Badische Zeitung: Korruptionsskandal in der Türkei: Viele Defizite
Kommentar von Annemarie Rösch
Geschrieben am 26-12-2013 |
Freiburg (ots) - Es ist schlecht bestellt um die
Rechtsstaatlichkeit in der Türkei: Da muss der Regierungschef das
halbe Kabinett austauschen, weil etliche seiner Minister offenbar
korrupt waren. Das zeichnet ein miserables Bild einer Regierung, die
einst angetreten war, die Korruption zu bekämpfen. Doch auch die
Justiz, die dieses Verfahren angestoßen hat, ist nicht über alle
Zweifel erhaben.
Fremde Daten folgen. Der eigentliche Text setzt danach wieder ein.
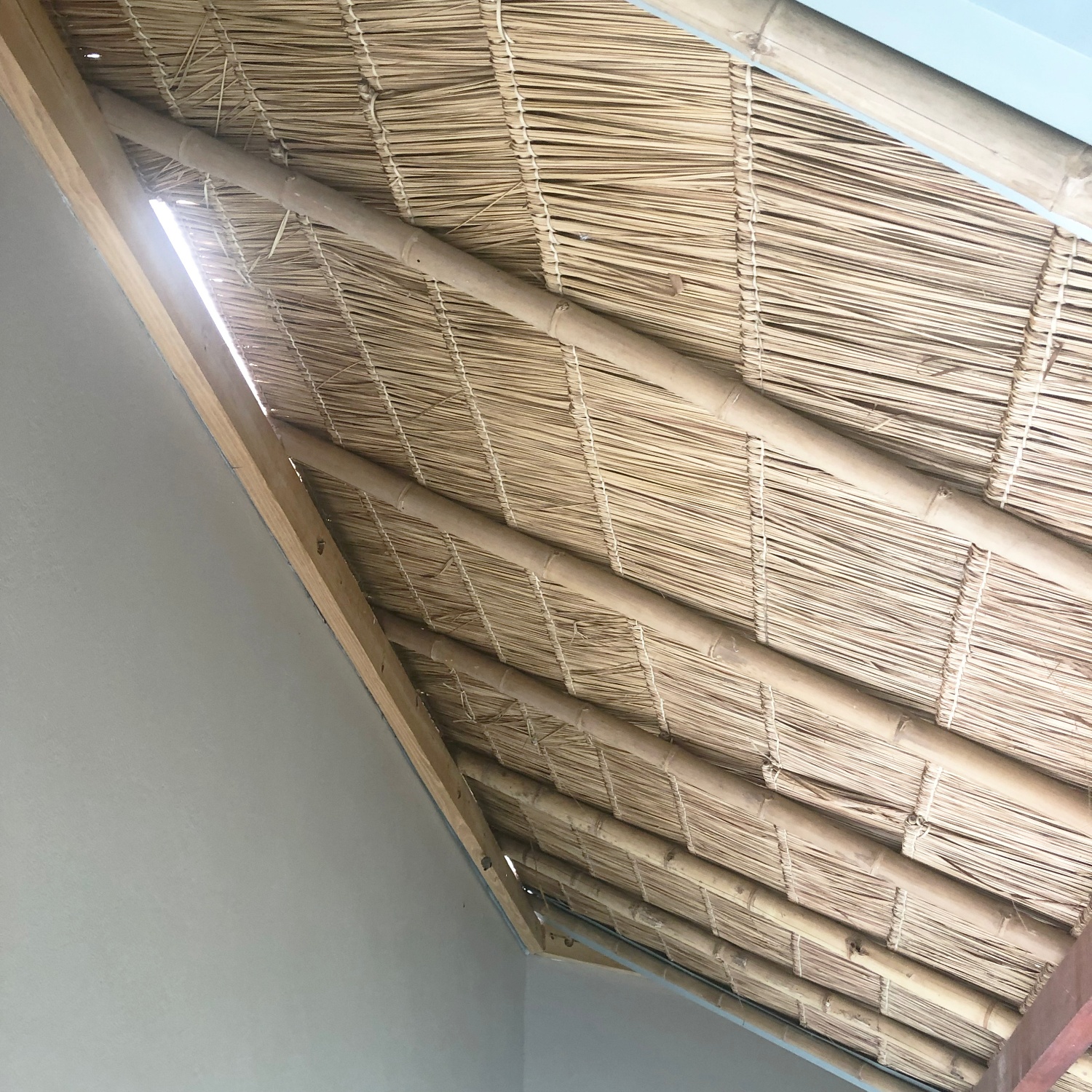 Balancing sustainability with strict budget constraints, the design combines durable and cost-effective materials with elements of local craftsmanship. Concrete columns and brick walls provide structural stability, while walkways covered in bamboo and palm leaf create a softer, more welcoming experience. Carefully positioned mosquito-netted windows allow natural ventilation and bring in panoramic views of the rural scenery, while minimising the need for mechanical cooling. Intimate sleeping areas are defined by partitions made from bamboo and handwoven textiles, adding warmth and cultural context to the interior.

Wenn auch Erdogans Geraune über einen Komplott
übertrieben erscheinen mag, so spricht vieles dafür, dass die
konzertierte Aktion nicht allein um der Sache willen geschah,
sondern um eine unliebsame Regierung zu Fall zu bringen. Alle diese
undurchsichtigen Vorgänge zeigen, wie schlecht die demokratischen
Institutionen funktionieren. Das Land bräuchte also dringend einen
Neuanfang, um aus der Krise herauszufinden. Doch selbst vorgezogene
Wahlen wären noch kein Garant für einen Wandel. Denn eine weitere
Schwäche der türkischen Demokratie ist, dass es der Opposition in
der Erdogan-Ära nicht gelungen ist, eine starke Alternative zu
entwickeln. Die rechtsradikale MHP ist für viele Türken nicht
wählbar. Die größte Oppositionspartei CHP orientiert sich an den
kemalistischen Idealen der Vergangenheit, kann aber die jungen
modernen Türken, die vergangenes Frühjahr gegen Erdogan auf die
Straße gingen, nicht an sich binden. Und eine alternative Partei ist
nirgends in Sicht. Die Türkei hat also noch einen langen Weg vor
sich, um eine moderne Demokratie zu werden.